One fascinating finding from a survey of writings on peak performance is that many of them emphasize the relationship between physical and mental conditioning. In pushing the body, we expand the mind. Overcoming physical obstacles strengthens our willpower muscles, extending our capacity to master other life challenges. Emilia Lahti describes the Finnish concept of sisu, which embraces an action mindset that embraces and tackles goals that seem to be beyond our reach. She has embodied sisu in her determination to overcome experiences of abuse, in part by tackling daunting distance running challenges. In pushing herself mentally and physically, she has found a way of accessing “an extra gear of psychological strength.”

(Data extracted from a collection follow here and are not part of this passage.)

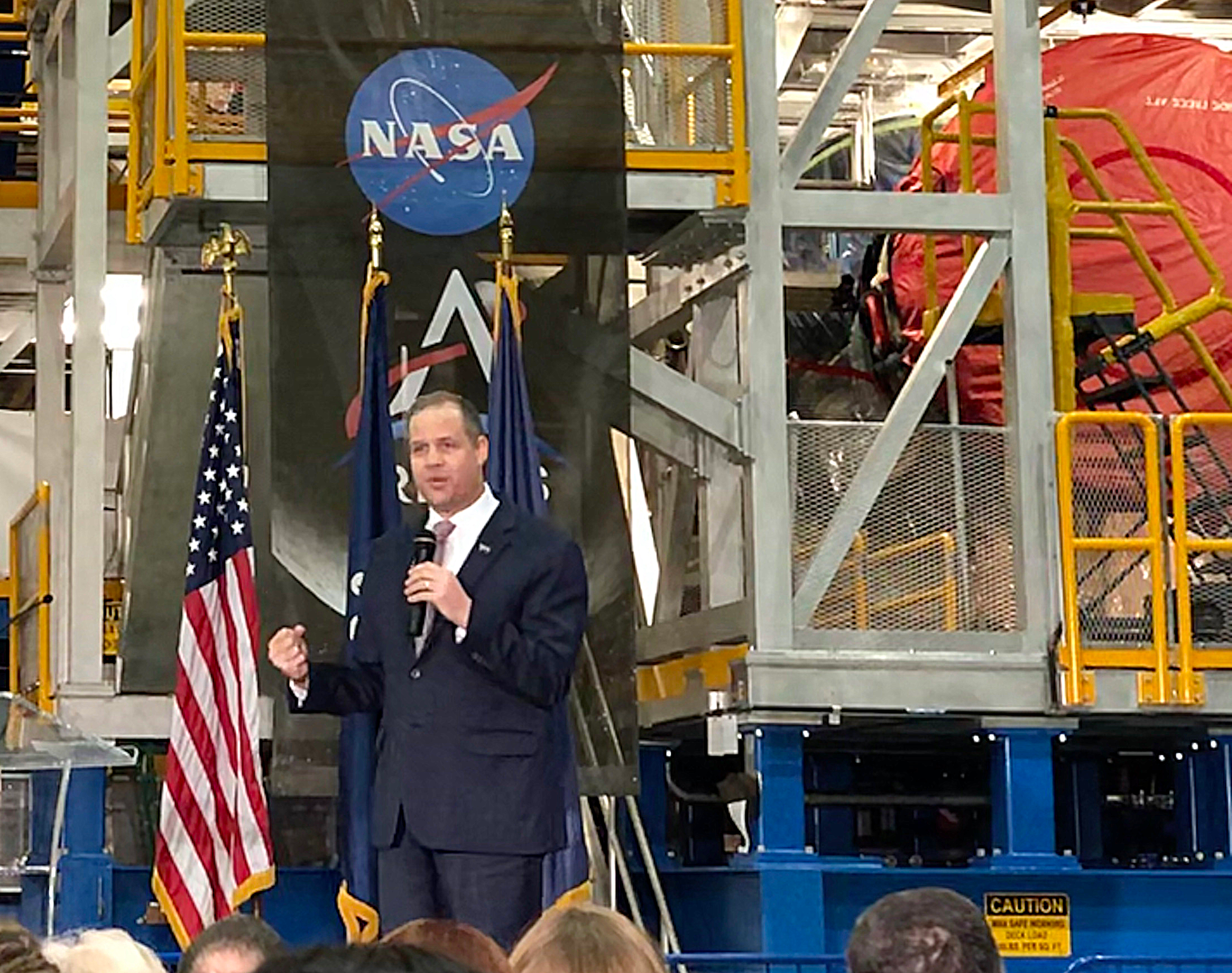 Administrator Bridenstine speaking at the Michoud Assembly Facility in front of the newly completed SLS core stage for the Artemis 1 mission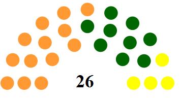 A Kozak Memorandum által létrehozandó Szenátus összetétele. Chișinău 13 (narancssárga), Transznisztria 9 (zöld), Gagauzia 4 (sárga) helyet kapott volna.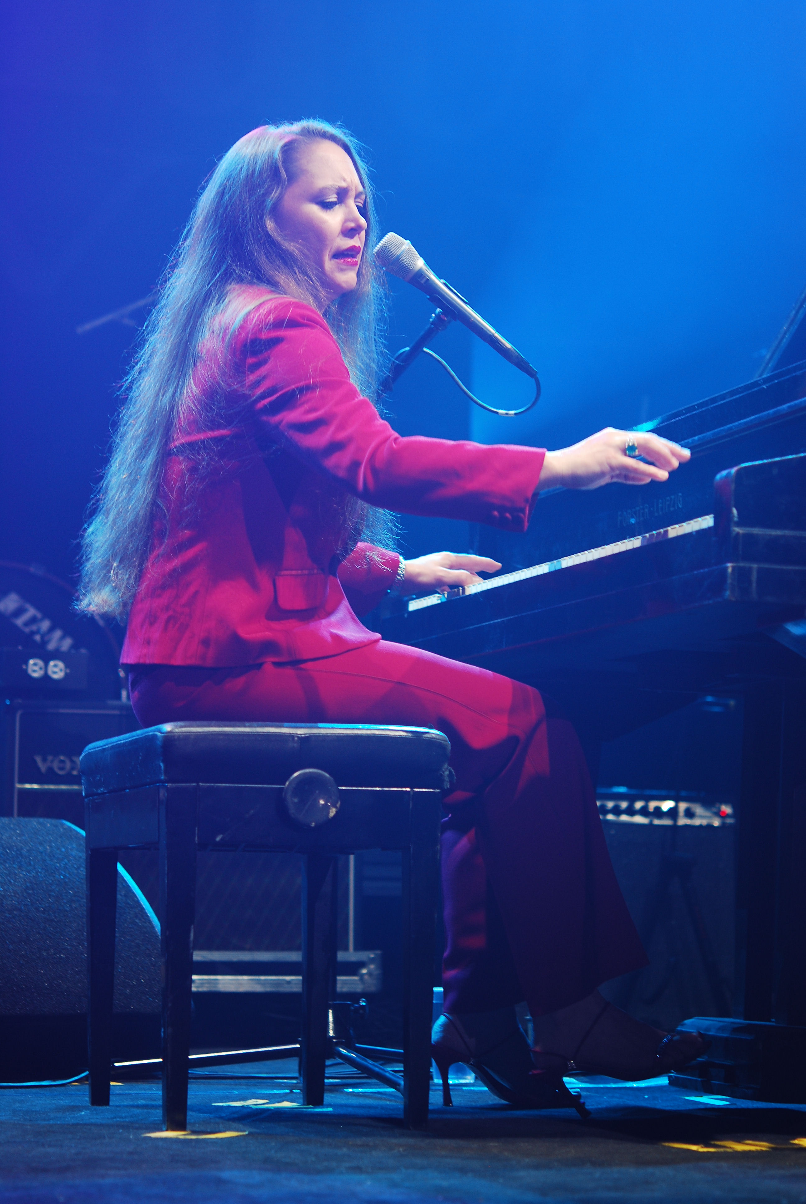 Taking of this photo was in cooperation with Rawa Blues (homepage)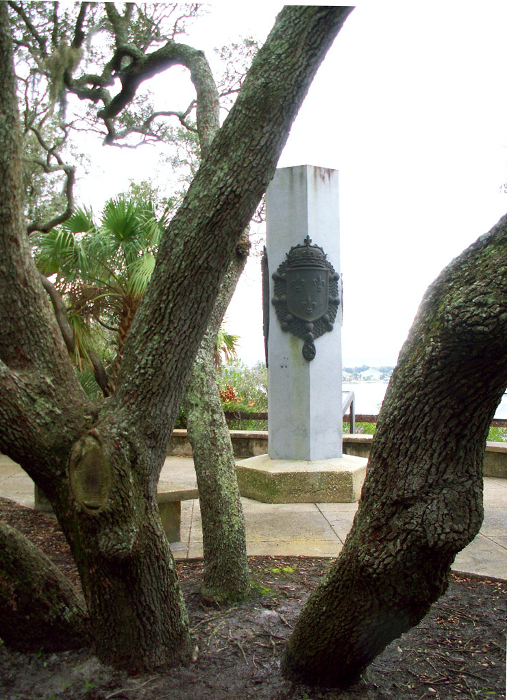 Reconstruction of the monument placed at St. Johns River at Ft. Caroline by French settlers in 1564, on display at Ft. Caroline National Monument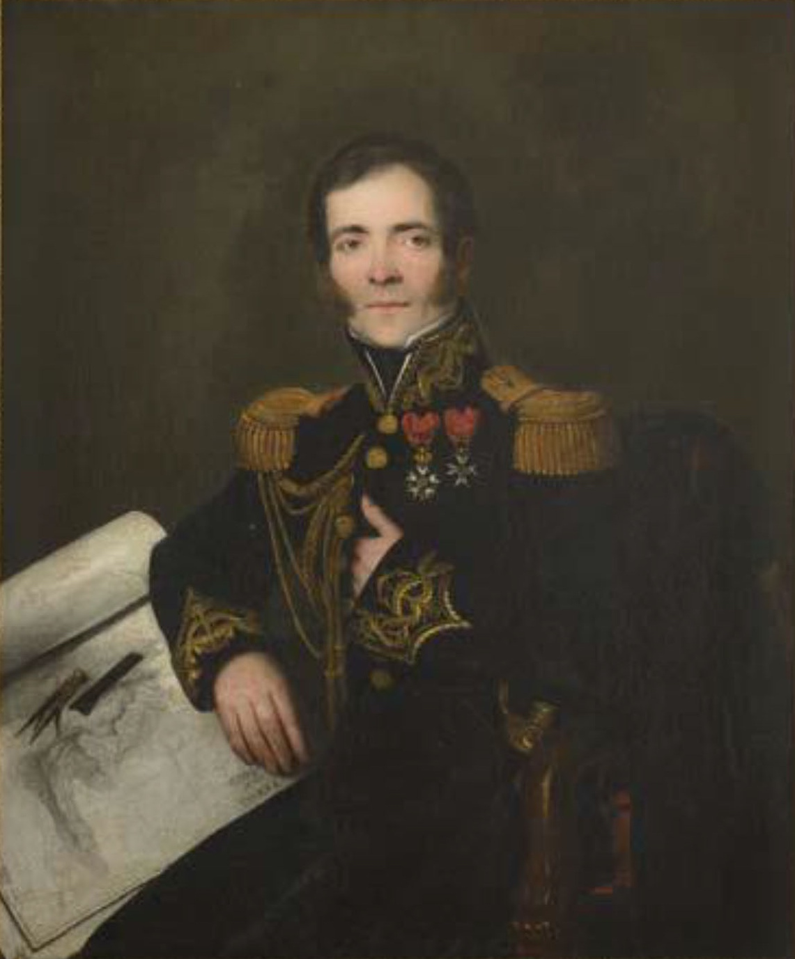 Picture of Anne Chrétien Louis de Hell, a French admiral and the governor (May 1838 - October 1841) of the Isle de Bourbon in the Indian Ocean - now known as the French overseas department of Réunion.

A similar use of the body to extend performance is illustrated by David Goggins, who has been described as “the toughest man alive”. A graduate of NAVY SEAL and U.S. Army Ranger training, Goggins decided to raise money for the Special Operations Warrior Foundation by running a race in which he had to cover at least 100 miles in 24 hours. Goggins was not a distance runner, but he tackled the challenge of the distance race and successfully persevered despite multiple injuries. In his book Can’t Hurt Me, Goggins explains, “You are in danger of living a life so comfortable and soft that you will die without ever realizing your true potential.” His approach to peak performance is to “callus your mind the same way you do your hands. Take the path of most resistance every day of your life.” Indeed, when we listen to Goggins’ self-talk, it becomes clear that he utilizes the achievement of one challenge as a prod to tackle a new one. There is no finish line, no easing up, in his sisu.
Most of us are familiar with research that links sedentary lifestyles to poor health outcomes. Less well appreciated is that being sedentary also comes with increased odds of stress, depression, and diminished well-being. Among adolescents, increased screen time is associated with poorer mental health. Sedentary lifestyles are also associated with elevated levels of anxiety. From the perspectives of Lahti and Goggins, the comfortable, sedentary life may in fact serve as training for non-effort and avoidance, preventing us from tackling challenges and attaining peak performance. By challenging the body, we inevitably encounter mental, emotional challenges–and we learn how to overcome them. As in the short-term therapies, positive change follows from an enhanced state of consciousness. The demands of physical activity stimulate our emotional resilience and ability to persevere under duress.
Fergus Connolly, who has worked with elite athletes and special forces operators, quotes Irish politician Terence MacSwiney, who died after a hunger strike initiated while he was incarcerated: “It is not those who can inflict the most, but those that can suffer the most who will conquer.” Peak performers, he finds, “make their game face their everyday face”. Like Goggins, Connolly notes that the key to high levels of achievement is a self-talk that embraces the discomfort of extraordinary efforts. He explains that “the potency of self-talk extends to self-projection.” Our internal dialogues become destiny.
The psychological dangers of a sedentary lifestyle is that comfortable bodies never allow us to exit the routine. Without the immediacy of daily challenges, we fail to exercise the will and thus never find the resources to persist and achieve great things. Lahti, on her site, quotes William James: “Do something every day for no other reason than you would rather not do it, so that when the hour of dire need draws nigh, it may find you not unnerved and untrained to stand the test.” It is in embracing the “path of most resistance” that we cultivate the will to sustain extraordinary efforts.